### Task statement
Retype the listing exactly as it stands, and keep every image out.

### Material provided
* * * * * * *
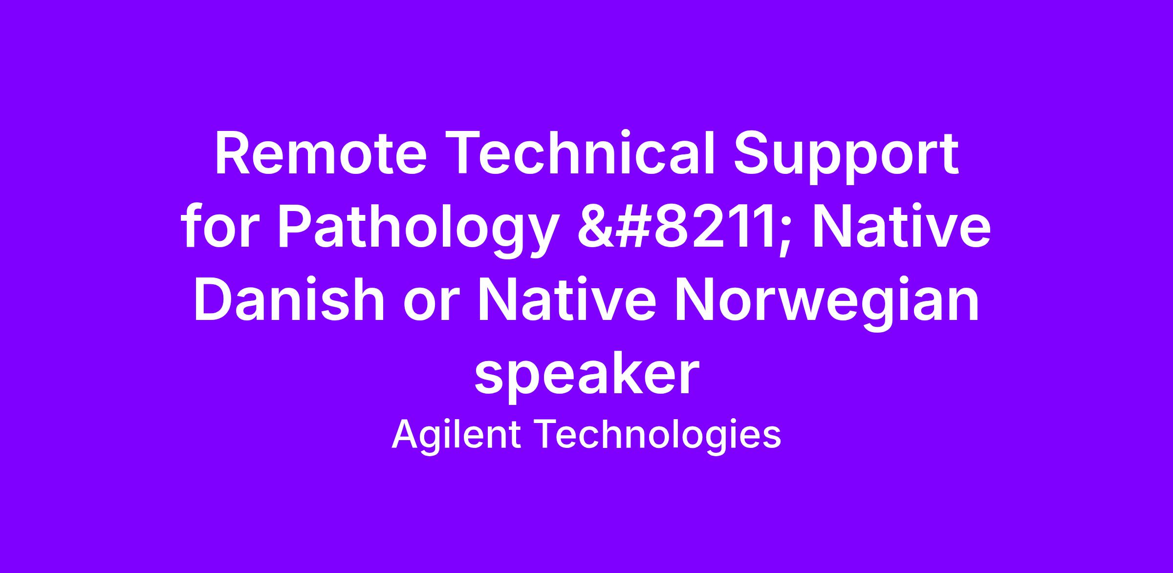 Are you passionate about technology and helping others? Join our team in Agilent Diagnostic Service as a Remote Technical Support Specialist for Pathology!
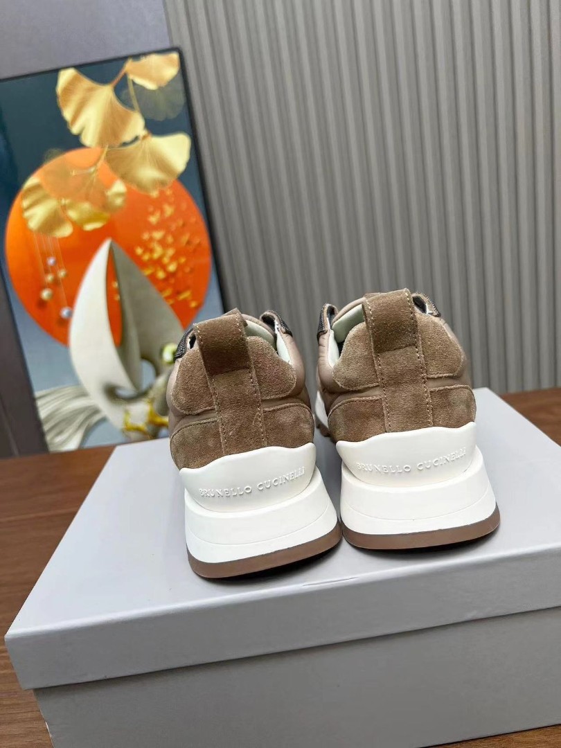 Женские комбинированные кроссовки Brunello Cucinelli 2024 коричневые с бусинами
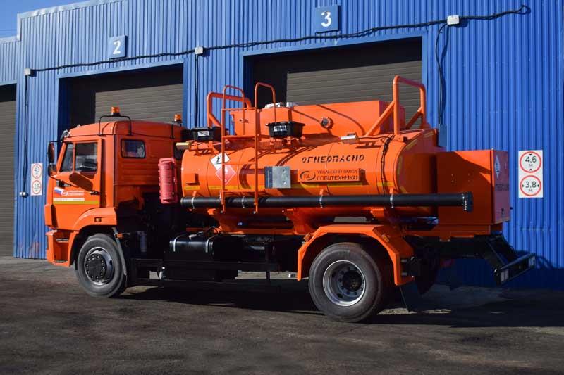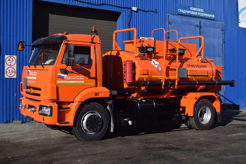 6х6, 292 л.с., коробка передач 1310ТО, без спального места, баки 210+350 л., объем цистерны 11 м³, 2 секции, насос УЗПМ СВН-80, эллиптическое сечение, УВТ между кабиной и цистерной с левой стороны, укомплектован ДОПОГ
* * * * * * *
### The answer
 Are you passionate about technology and helping others? Join our team in Agilent Diagnostic Service as a Remote Technical Support Specialist for Pathology!
 Женские комбинированные кроссовки Brunello Cucinelli 2024 коричневые с бусинами
 6х6, 292 л.с., коробка передач 1310ТО, без спального места, баки 210+350 л., объем цистерны 11 м³, 2 секции, насос УЗПМ СВН-80, эллиптическое сечение, УВТ между кабиной и цистерной с левой стороны, укомплектован ДОПОГ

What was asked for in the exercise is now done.